Dataset records:
Content starts

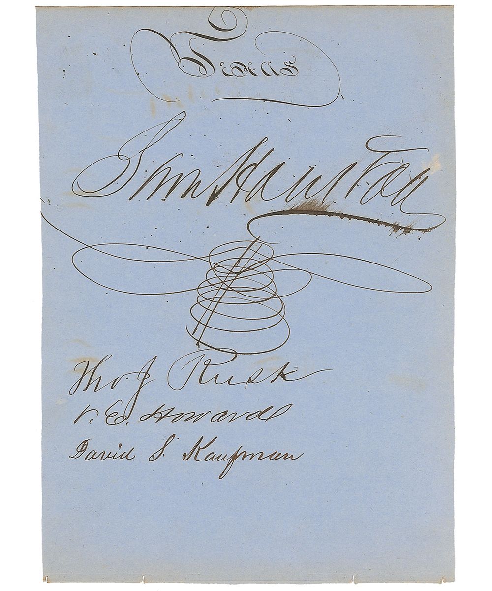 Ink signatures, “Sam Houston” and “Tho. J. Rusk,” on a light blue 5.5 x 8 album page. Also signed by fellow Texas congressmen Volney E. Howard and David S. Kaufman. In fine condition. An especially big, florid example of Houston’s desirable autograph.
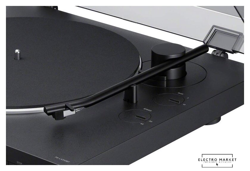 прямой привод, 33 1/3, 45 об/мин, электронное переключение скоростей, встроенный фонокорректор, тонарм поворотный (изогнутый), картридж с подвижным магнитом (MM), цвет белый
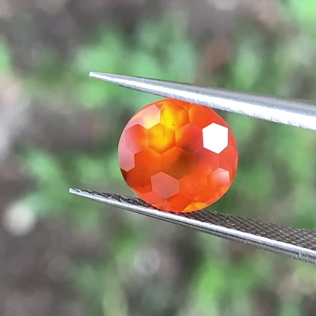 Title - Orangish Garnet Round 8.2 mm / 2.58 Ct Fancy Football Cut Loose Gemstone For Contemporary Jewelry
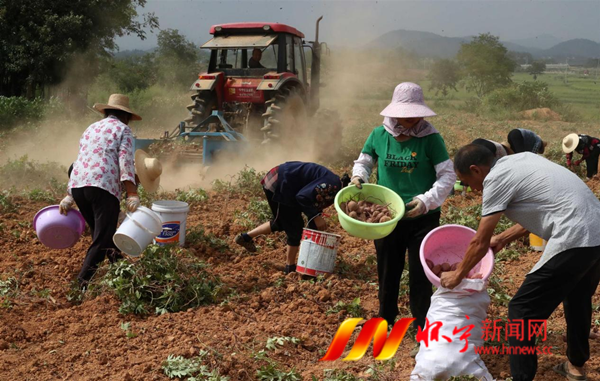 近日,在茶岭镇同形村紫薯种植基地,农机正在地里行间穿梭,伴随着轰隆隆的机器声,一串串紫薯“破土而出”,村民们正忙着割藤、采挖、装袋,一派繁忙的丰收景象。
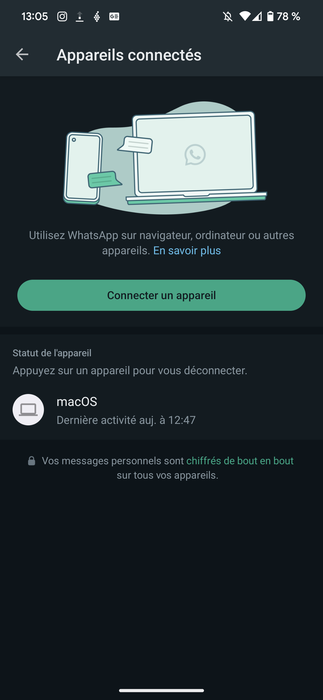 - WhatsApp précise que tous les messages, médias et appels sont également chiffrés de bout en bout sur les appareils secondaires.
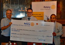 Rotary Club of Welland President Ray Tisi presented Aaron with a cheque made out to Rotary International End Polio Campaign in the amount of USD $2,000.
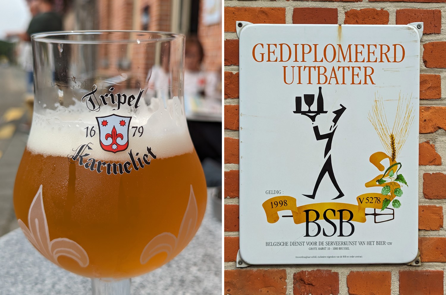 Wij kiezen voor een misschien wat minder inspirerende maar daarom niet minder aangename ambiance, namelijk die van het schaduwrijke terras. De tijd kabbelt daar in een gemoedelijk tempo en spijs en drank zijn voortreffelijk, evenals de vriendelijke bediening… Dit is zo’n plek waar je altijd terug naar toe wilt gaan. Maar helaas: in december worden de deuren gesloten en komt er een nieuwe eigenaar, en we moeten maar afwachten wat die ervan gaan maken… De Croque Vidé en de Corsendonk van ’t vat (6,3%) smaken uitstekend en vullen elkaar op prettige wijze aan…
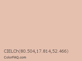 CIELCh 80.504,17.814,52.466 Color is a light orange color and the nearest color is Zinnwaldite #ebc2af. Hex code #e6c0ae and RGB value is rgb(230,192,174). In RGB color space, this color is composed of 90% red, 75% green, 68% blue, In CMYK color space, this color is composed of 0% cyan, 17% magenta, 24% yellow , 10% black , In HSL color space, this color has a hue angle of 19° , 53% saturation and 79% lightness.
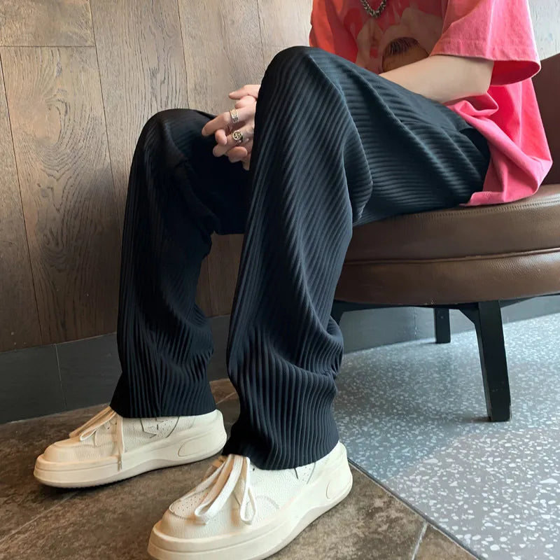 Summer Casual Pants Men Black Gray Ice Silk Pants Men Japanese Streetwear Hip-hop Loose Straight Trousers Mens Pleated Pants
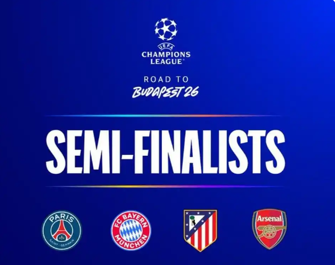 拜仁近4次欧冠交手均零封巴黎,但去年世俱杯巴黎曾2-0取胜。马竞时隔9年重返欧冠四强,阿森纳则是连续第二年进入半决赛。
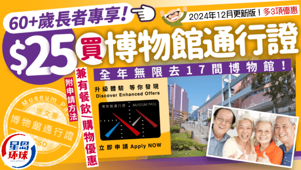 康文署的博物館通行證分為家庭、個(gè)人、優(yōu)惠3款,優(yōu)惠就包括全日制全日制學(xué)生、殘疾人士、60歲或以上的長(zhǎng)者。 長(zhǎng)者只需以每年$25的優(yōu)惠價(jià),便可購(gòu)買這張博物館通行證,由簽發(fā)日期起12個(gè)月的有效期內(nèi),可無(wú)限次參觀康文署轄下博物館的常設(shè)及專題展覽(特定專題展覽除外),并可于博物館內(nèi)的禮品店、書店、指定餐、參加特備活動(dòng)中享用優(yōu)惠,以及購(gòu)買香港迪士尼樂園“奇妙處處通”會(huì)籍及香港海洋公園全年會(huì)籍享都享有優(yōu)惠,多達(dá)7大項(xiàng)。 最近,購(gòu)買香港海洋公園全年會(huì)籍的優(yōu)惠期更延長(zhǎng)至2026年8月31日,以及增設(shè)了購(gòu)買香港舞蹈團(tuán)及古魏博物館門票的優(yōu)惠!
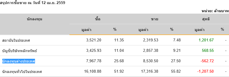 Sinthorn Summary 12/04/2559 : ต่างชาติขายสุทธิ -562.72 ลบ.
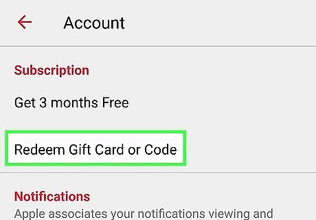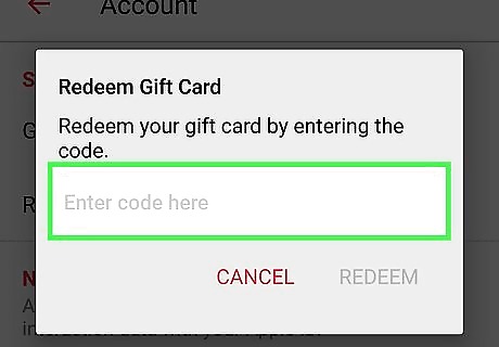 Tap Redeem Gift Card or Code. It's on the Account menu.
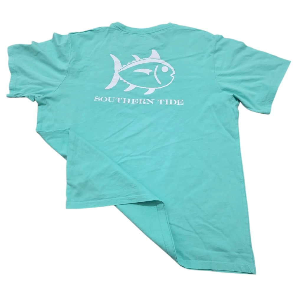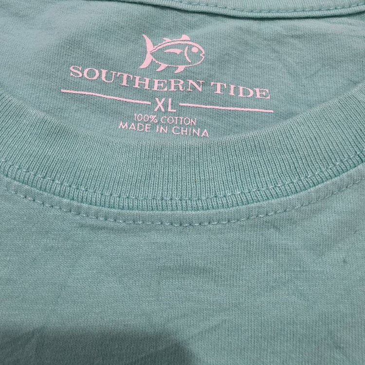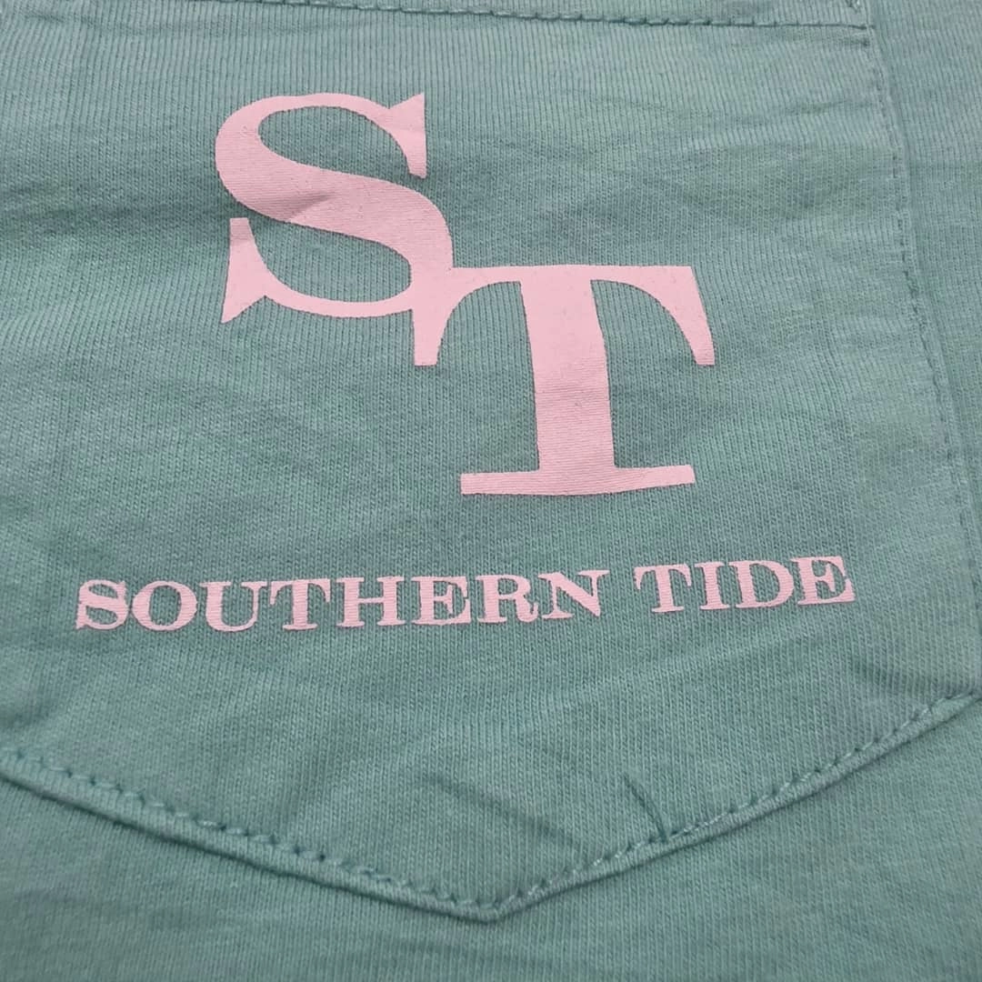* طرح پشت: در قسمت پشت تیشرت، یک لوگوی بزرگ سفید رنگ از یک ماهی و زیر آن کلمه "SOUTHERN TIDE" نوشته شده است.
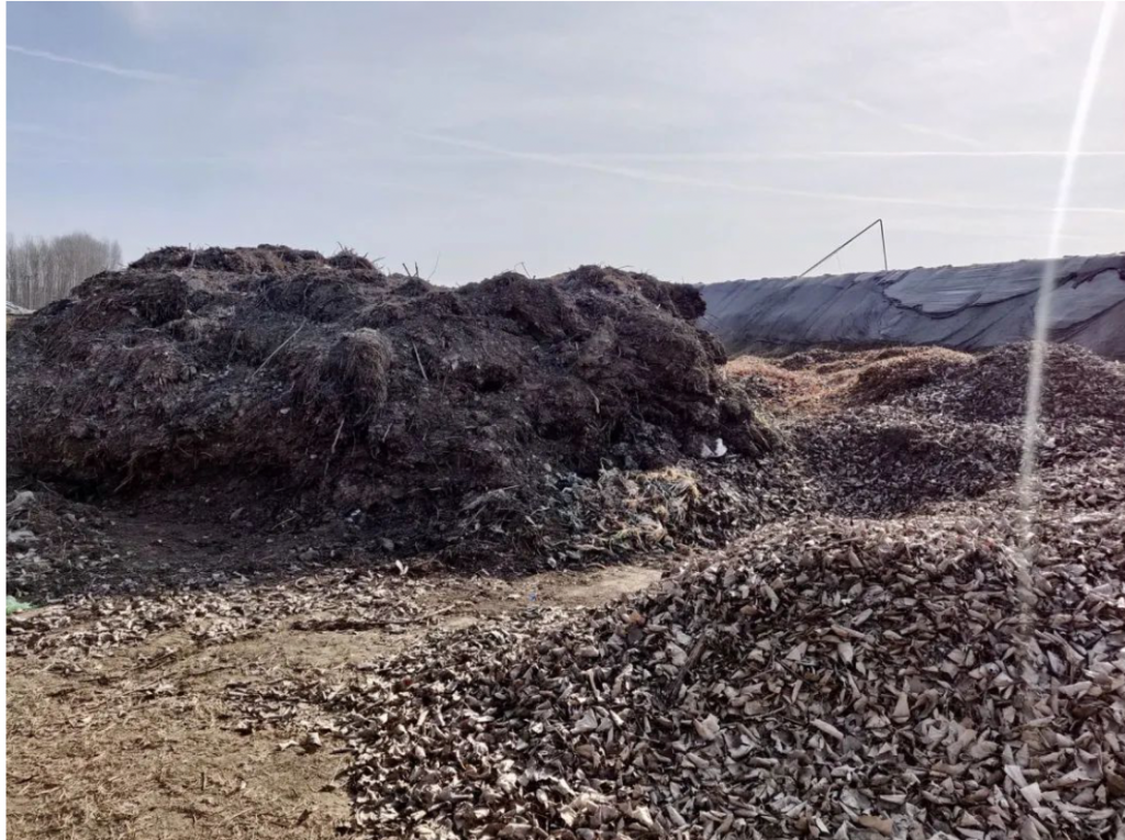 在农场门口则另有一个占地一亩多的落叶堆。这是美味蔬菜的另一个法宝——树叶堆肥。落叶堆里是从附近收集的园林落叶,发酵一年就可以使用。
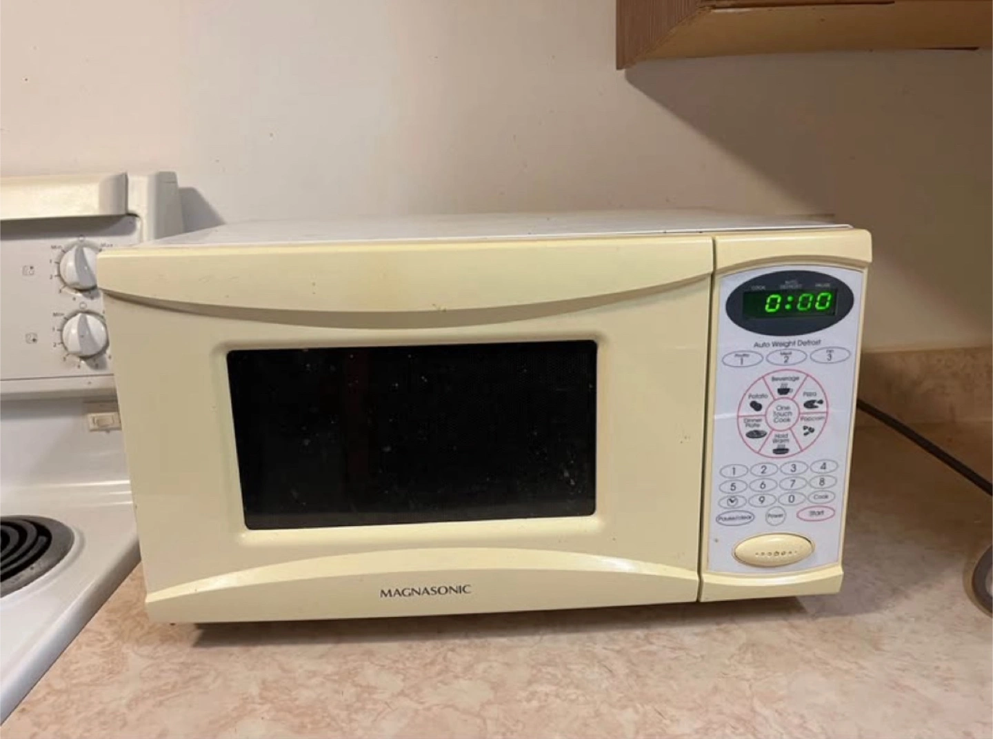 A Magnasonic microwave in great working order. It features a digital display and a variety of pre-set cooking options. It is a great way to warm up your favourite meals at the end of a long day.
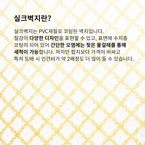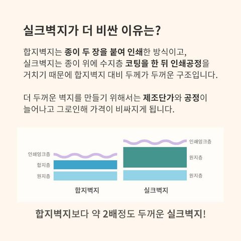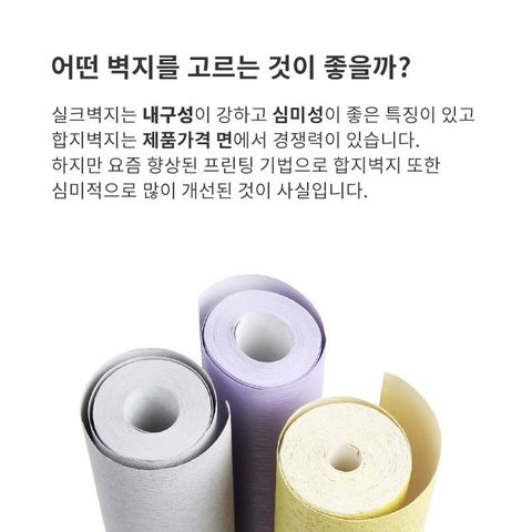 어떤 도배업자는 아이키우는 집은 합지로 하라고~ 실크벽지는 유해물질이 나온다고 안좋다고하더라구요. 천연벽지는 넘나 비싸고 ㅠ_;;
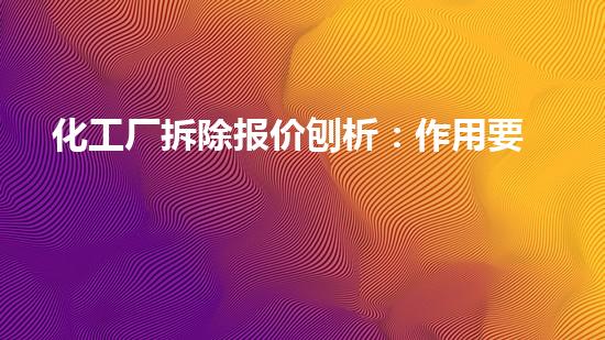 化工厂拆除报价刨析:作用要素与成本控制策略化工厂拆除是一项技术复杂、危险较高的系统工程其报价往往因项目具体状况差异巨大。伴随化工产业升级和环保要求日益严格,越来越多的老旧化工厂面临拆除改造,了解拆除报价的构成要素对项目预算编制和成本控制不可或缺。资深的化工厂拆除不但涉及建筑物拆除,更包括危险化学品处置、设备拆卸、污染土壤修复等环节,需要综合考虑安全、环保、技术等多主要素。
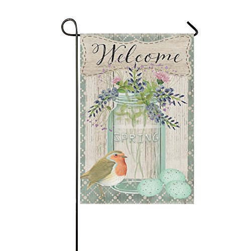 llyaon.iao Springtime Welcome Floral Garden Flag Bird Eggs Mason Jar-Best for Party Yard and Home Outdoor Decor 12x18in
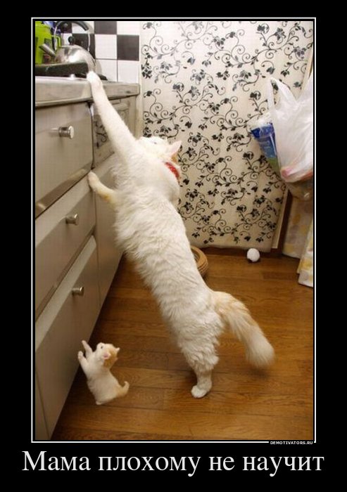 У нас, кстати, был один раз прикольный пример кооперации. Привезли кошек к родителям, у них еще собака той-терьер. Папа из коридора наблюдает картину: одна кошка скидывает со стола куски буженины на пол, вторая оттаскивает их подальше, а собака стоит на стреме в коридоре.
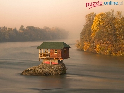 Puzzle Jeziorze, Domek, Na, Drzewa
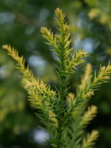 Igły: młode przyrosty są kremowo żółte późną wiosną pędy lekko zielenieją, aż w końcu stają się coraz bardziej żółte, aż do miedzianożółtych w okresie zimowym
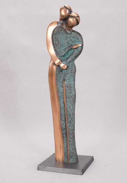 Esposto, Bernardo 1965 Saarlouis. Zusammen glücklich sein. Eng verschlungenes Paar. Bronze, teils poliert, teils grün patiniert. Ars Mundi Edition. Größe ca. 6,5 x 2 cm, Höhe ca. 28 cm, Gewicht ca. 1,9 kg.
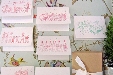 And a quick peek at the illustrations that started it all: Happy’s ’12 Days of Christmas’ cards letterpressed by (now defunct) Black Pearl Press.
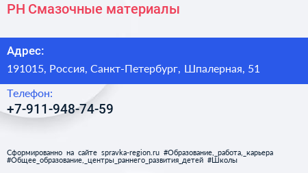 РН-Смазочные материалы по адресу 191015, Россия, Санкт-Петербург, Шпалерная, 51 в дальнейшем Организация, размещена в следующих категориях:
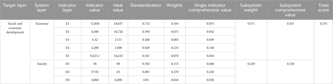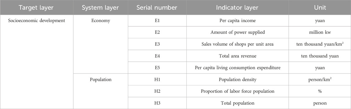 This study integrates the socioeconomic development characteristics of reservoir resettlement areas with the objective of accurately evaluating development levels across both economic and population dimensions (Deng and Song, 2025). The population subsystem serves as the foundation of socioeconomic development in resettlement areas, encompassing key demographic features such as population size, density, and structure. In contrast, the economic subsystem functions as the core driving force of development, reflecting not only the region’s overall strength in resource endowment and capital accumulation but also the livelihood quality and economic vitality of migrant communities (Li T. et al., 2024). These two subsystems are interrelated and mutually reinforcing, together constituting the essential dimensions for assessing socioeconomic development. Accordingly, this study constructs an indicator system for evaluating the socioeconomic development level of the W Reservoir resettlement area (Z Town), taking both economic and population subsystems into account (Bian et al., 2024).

Content ends

- **Aim of the task**:
Transcribe only the lines above that start at the line containing "- WhatsApp précise" and end at the line containing "Wij kiezen voor". Omit pictures.

- **Completed task**:
 - WhatsApp précise que tous les messages, médias et appels sont également chiffrés de bout en bout sur les appareils secondaires.
 Rotary Club of Welland President Ray Tisi presented Aaron with a cheque made out to Rotary International End Polio Campaign in the amount of USD $2,000.
 Wij kiezen voor een misschien wat minder inspirerende maar daarom niet minder aangename ambiance, namelijk die van het schaduwrijke terras. De tijd kabbelt daar in een gemoedelijk tempo en spijs en drank zijn voortreffelijk, evenals de vriendelijke bediening… Dit is zo’n plek waar je altijd terug naar toe wilt gaan. Maar helaas: in december worden de deuren gesloten en komt er een nieuwe eigenaar, en we moeten maar afwachten wat die ervan gaan maken… De Croque Vidé en de Corsendonk van ’t vat (6,3%) smaken uitstekend en vullen elkaar op prettige wijze aan…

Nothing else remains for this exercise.